Stored items
☆ ☆ ☆ ☆ ☆ ☆ ☆
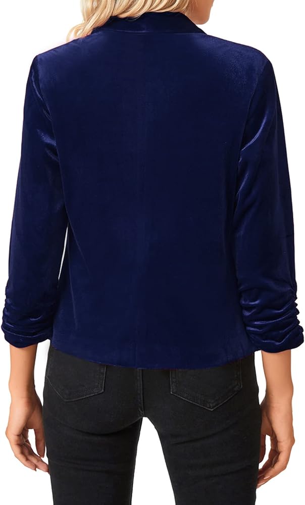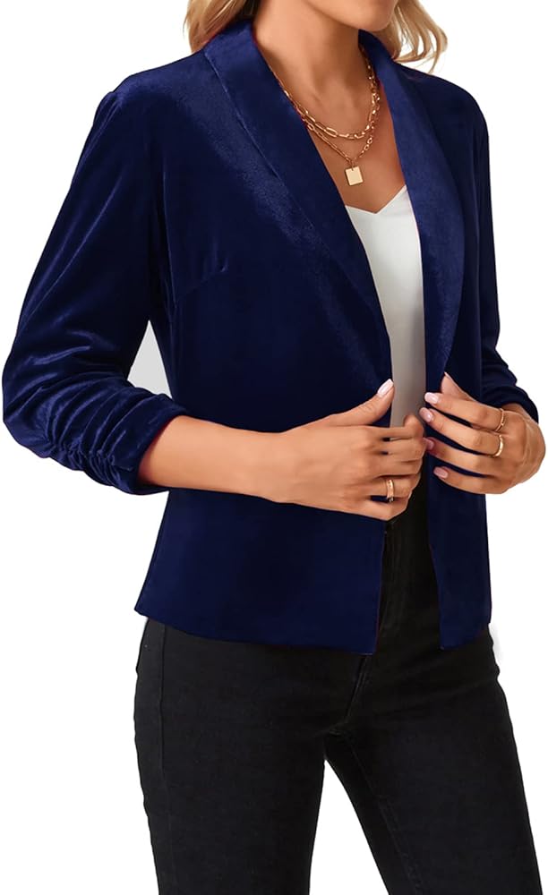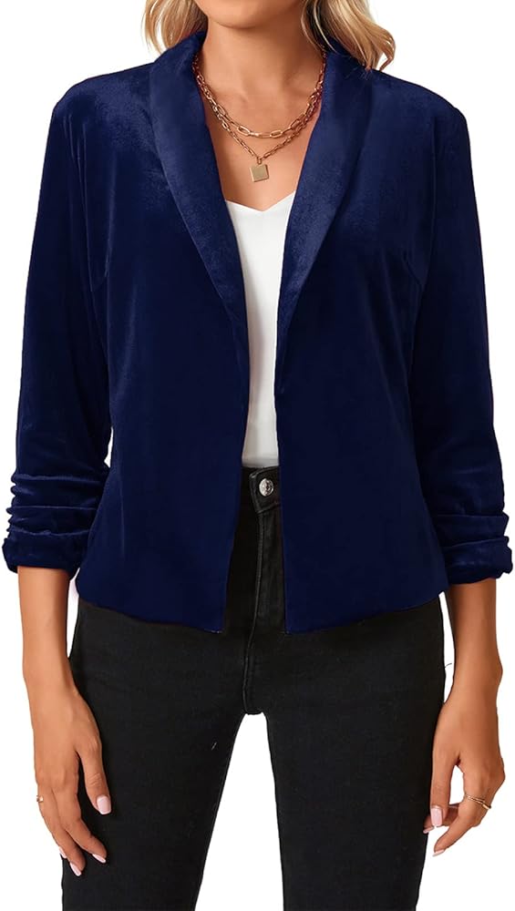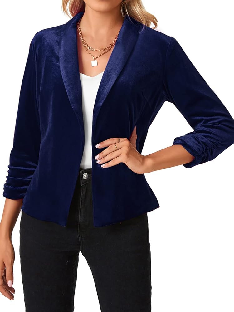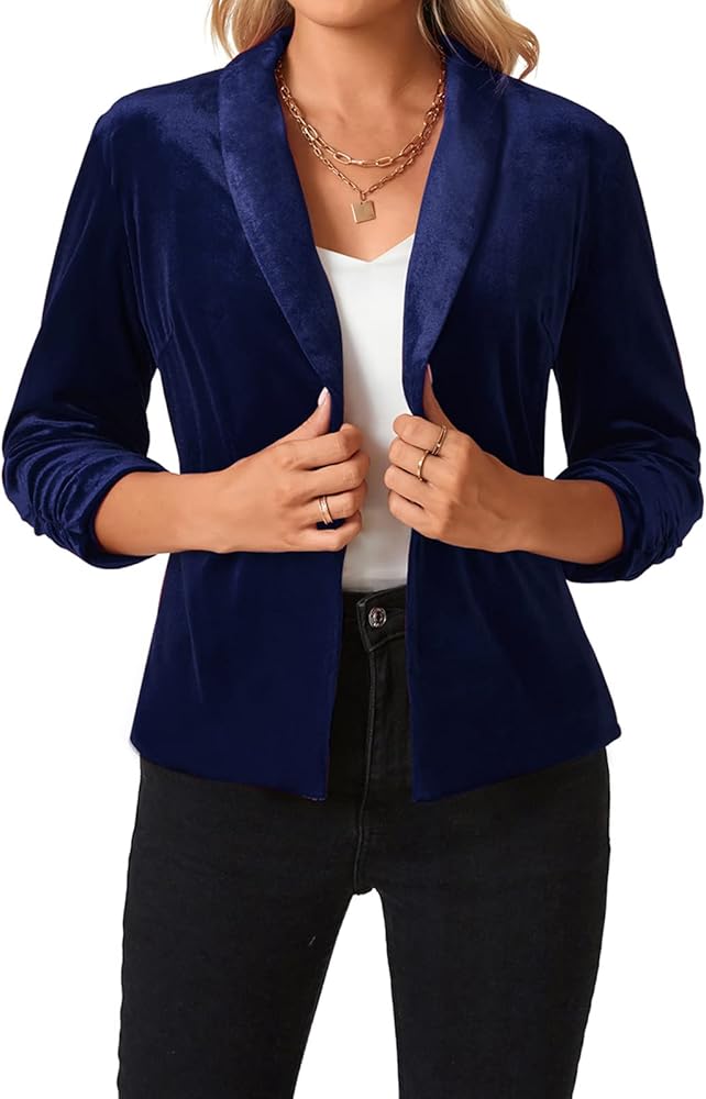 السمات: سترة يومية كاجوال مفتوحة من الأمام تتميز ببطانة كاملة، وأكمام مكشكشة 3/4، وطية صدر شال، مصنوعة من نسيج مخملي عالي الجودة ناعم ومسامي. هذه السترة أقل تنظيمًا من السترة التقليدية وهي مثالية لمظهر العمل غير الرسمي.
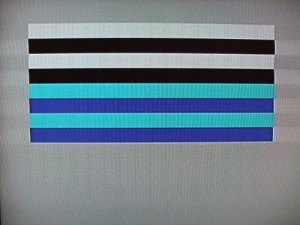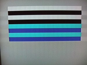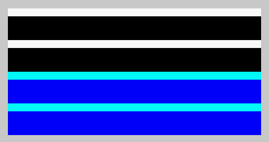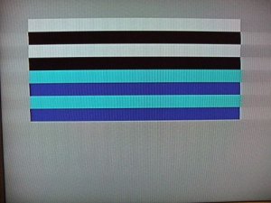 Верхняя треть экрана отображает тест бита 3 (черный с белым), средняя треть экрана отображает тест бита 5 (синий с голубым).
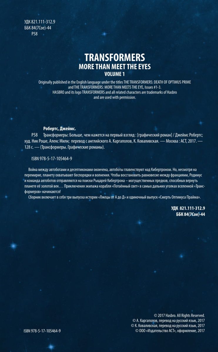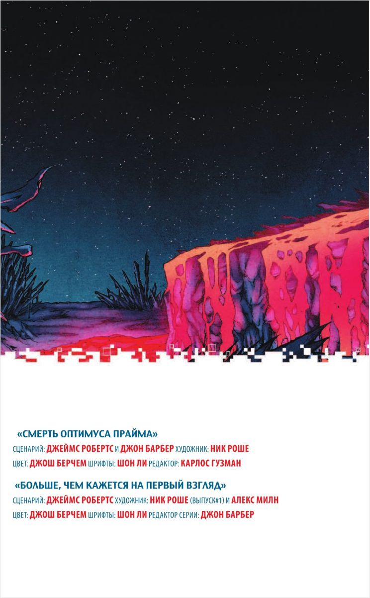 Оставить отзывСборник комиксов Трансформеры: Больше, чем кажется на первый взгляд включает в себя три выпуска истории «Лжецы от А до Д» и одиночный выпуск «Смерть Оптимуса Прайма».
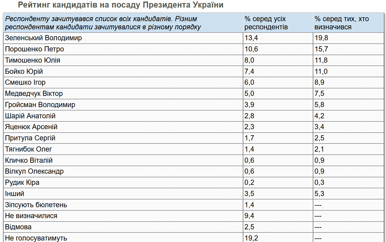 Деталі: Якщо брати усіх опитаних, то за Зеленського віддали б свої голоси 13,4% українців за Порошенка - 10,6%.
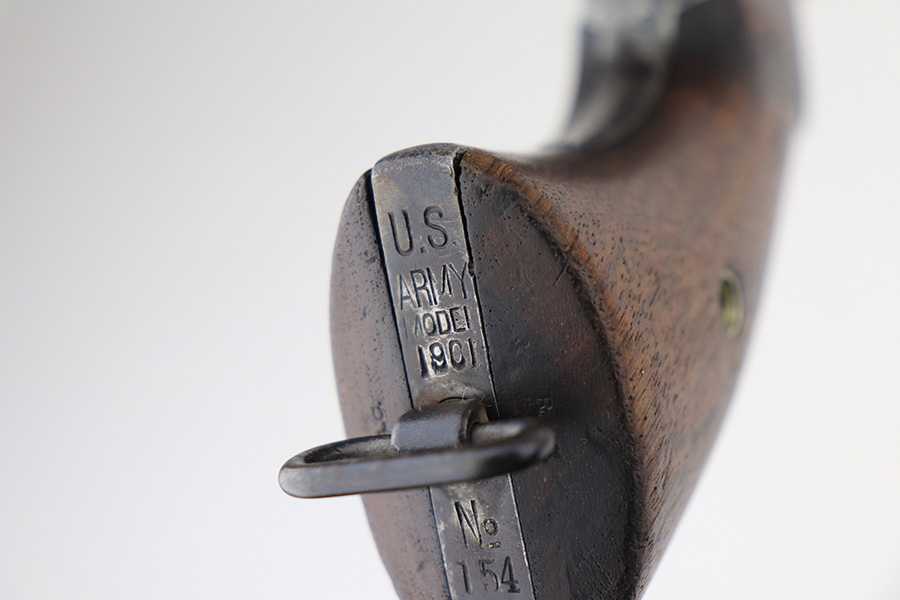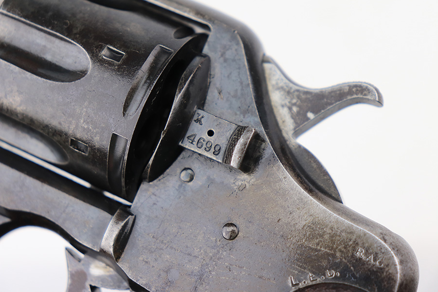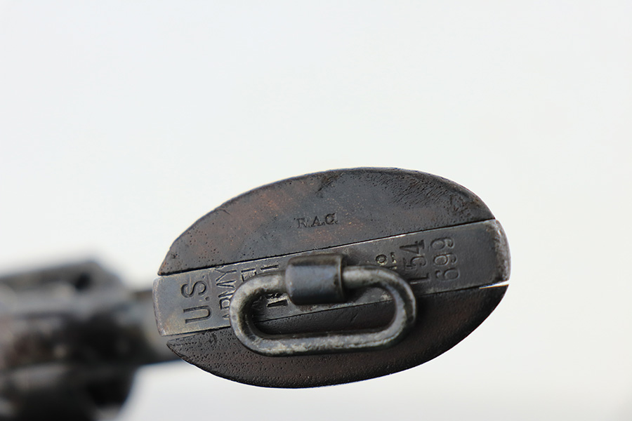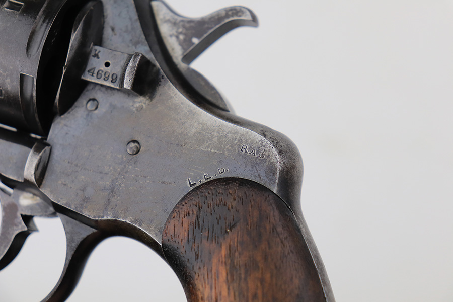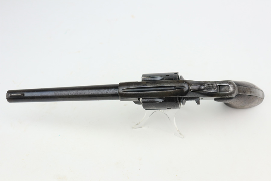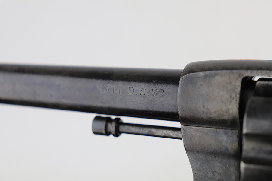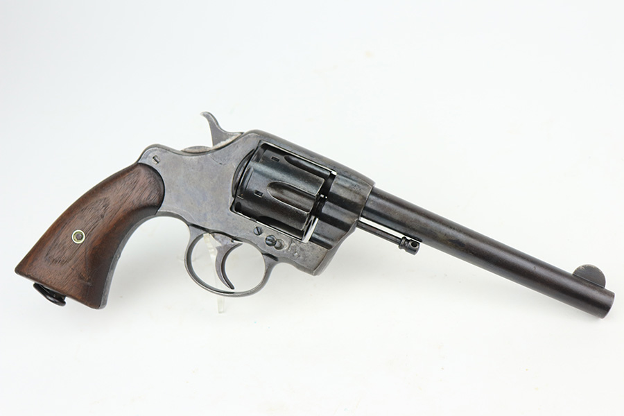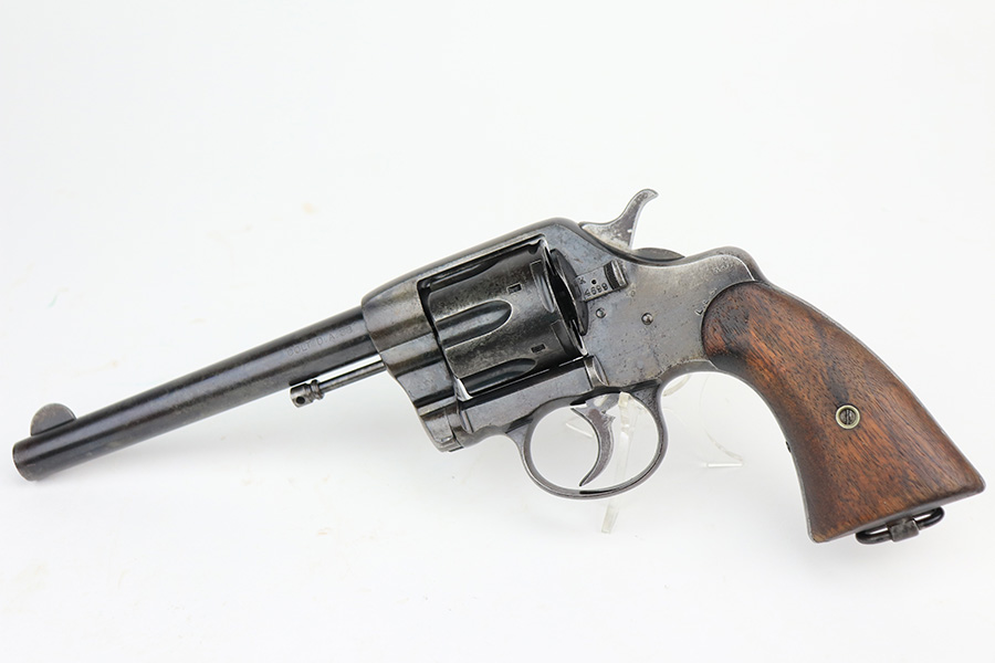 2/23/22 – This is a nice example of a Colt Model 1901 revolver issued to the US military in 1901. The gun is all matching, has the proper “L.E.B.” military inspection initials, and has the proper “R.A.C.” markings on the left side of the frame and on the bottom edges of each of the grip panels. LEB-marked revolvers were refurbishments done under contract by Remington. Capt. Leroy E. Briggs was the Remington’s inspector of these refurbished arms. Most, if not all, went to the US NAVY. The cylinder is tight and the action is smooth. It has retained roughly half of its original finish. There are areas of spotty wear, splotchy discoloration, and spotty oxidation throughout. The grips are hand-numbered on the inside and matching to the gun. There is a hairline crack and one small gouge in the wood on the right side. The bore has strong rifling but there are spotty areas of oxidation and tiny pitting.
☆ ☆ ☆ ☆ ☆ ☆ ☆
◆ YOUR ASSIGNMENT:
What is needed is the exact run of lines from the start of the data through the line with "Верхняя треть экрана", both ends included, minus the pictures.

◆ YOUR SOLUTION:
 السمات: سترة يومية كاجوال مفتوحة من الأمام تتميز ببطانة كاملة، وأكمام مكشكشة 3/4، وطية صدر شال، مصنوعة من نسيج مخملي عالي الجودة ناعم ومسامي. هذه السترة أقل تنظيمًا من السترة التقليدية وهي مثالية لمظهر العمل غير الرسمي.
 Верхняя треть экрана отображает тест бита 3 (черный с белым), средняя треть экрана отображает тест бита 5 (синий с голубым).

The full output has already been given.